Lorsque madame de la Tour fut relevée de ses couches, ces deux petites habitations commencèrent à être de quelque rapport, à l’aide des soins que j’y donnais de temps en temps, mais surtout par les travaux assidus de leurs esclaves. Celui de Marguerite, appelé Domingue, était un Noir yolof, encore robuste, quoique déjà sur l’âge. Il avait de l’expérience
et un bon sens naturel. Il cultivait indifféremment sur les deux habitations les terrains qui lui semblaient les plus fertiles, et il y mettait les semences qui leur convenaient le mieux. Il semait du petit mil et du maïs dans les endroits médiocres, un peu de froment dans les bonnes terres, du riz dans les fonds marécageux ; et au pied des roches, des giraumons, des courges et des concombres, qui se plaisent à y grimper. Il plantait dans les lieux secs des patates qui y viennent très sucrées, des cotonniers sur les hauteurs, des cannes à sucre dans les terres fortes, des pieds de café sur les collines, où le grain est petit, mais excellent ; le long de la rivière et autour des cases, des bananiers qui donnent toute l’année de longs régimes de fruits avec un bel ombrage, et enfin quelques plantes de tabac pour charmer ses soucis et ceux de ses bonnes maîtresses. Il allait couper du bois à brûler dans la montagne, et casser des roches çà et là dans les habitations pour en aplanir les chemins. Il faisait tous ces ouvrages avec intelligence et activité, parce qu’il les faisait avec zèle. Il était fort attaché à Marguerite ; et il ne l’était guère moins à madame de la Tour, dont il avait épousé la négresse à la naissance de Virginie. Il aimait passionnément sa femme, qui s’appelait Marie. Elle était née à Madagascar, d’où elle avait apporté quelque industrie, surtout celle de faire des paniers et des étoffes appelées pagnes, avec des herbes qui croissent dans les bois. Elle était adroite, propre, et très fidèle. Elle avait soin de préparer à manger, d’élever quelques poules, et d’aller de temps en temps vendre au Port Louis le superflu de ces deux habitations, qui était bien peu considérable. Si vous y joignez deux chèvres élevées près des enfants, et un gros chien qui veillait la nuit au-dehors, vous aurez une idée de tout le revenu et de tout le domestique de ces deux petites métairies.

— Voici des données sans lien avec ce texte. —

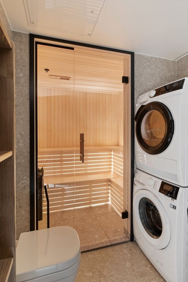 Badkamer 1: Douche, toilet en sauna
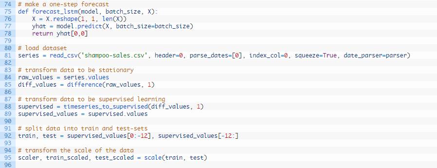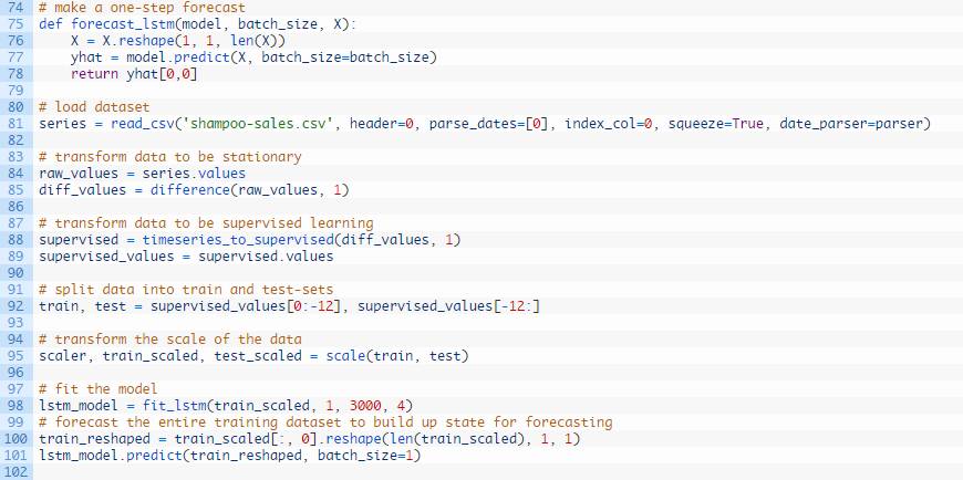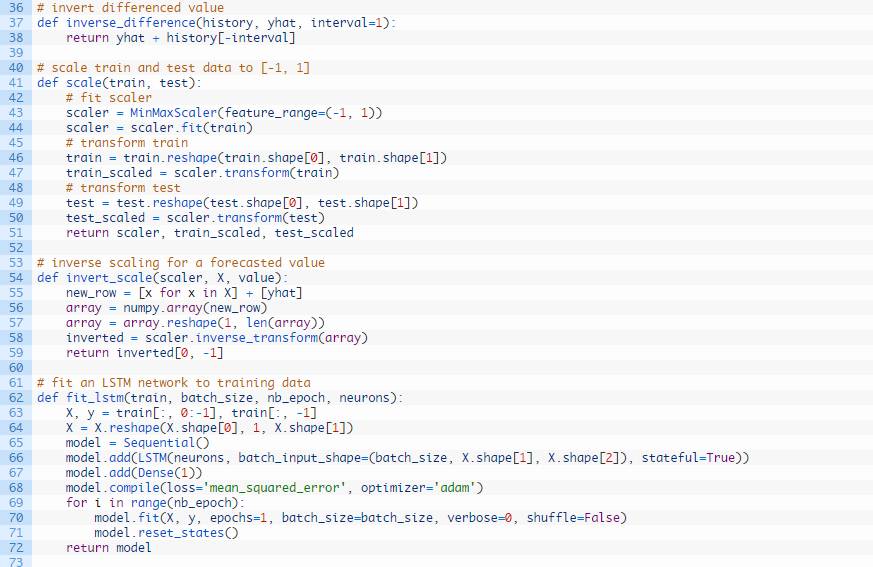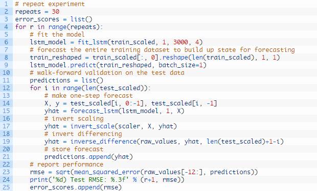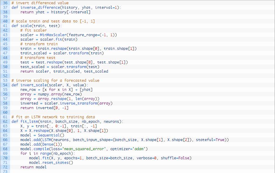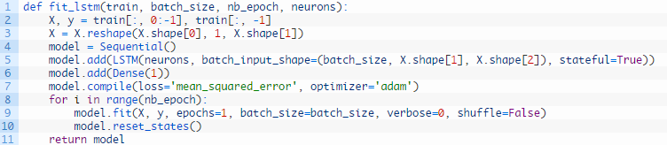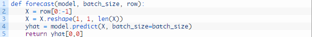我们可以在下列这个名为forecast()的函数中发现这种行为。给定一个合适的模型,拟合模型(例1)时的一批数据和一行测试数据,该函数将从测试数据行中分离出输入数据,对其进行改造,然后以单一浮点值的形式返回预测。

Pour ces deux amies, elles filaient du matin au soir du coton. Ce travail suffisait à leur entretien et à celui de leurs familles ; mais d’ailleurs elles étaient si dépourvues de commodités étrangères qu’elles marchaient nu-pieds dans leur habitation, et ne portaient de souliers que pour aller le dimanche de grand matin à la messe à l’église des Pamplemousses que vous voyez là-bas. Il y a cependant bien plus loin qu’au Port Louis ; mais elles se rendaient rarement à la ville, de peur d’y être méprisées, parce qu’elles étaient vêtues de grosse toile bleue du Bengale comme des esclaves. Après tout, la considération publique vaut-elle le bonheur domestique ? Si ces dames avaient un peu à souffrir au-dehors, elles rentraient chez elles avec d’autant plus de plaisir. À peine Marie et Domingue les apercevaient de cette hauteur sur le chemin des Pamplemousses, qu’ils accouraient jusqu’au bas de la montagne pour les aider à la remonter. Elles lisaient dans les yeux de leurs esclaves la joie qu’ils avaient de les revoir. Elles trouvaient chez elles la propreté, la liberté, des biens qu’elles ne devaient qu’à leurs propres travaux, et des serviteurs pleins de zèle et d’affection. Elles-mêmes, unies par les mêmes besoins, ayant éprouvé des maux presque semblables, se donnant les doux noms d’amie, de compagne et de sœur, n’avaient qu’une volonté, qu’un intérêt, qu’une table. Tout entre elles était commun. Seulement si d’anciens feux plus vifs que ceux de l’amitié se réveillaient dans leur âme, une religion pure, aidée par des mœurs chastes, les dirigeait vers une autre vie, comme la flamme qui s’envole vers le ciel lorsqu’elle n’a plus d’aliment sur la terre.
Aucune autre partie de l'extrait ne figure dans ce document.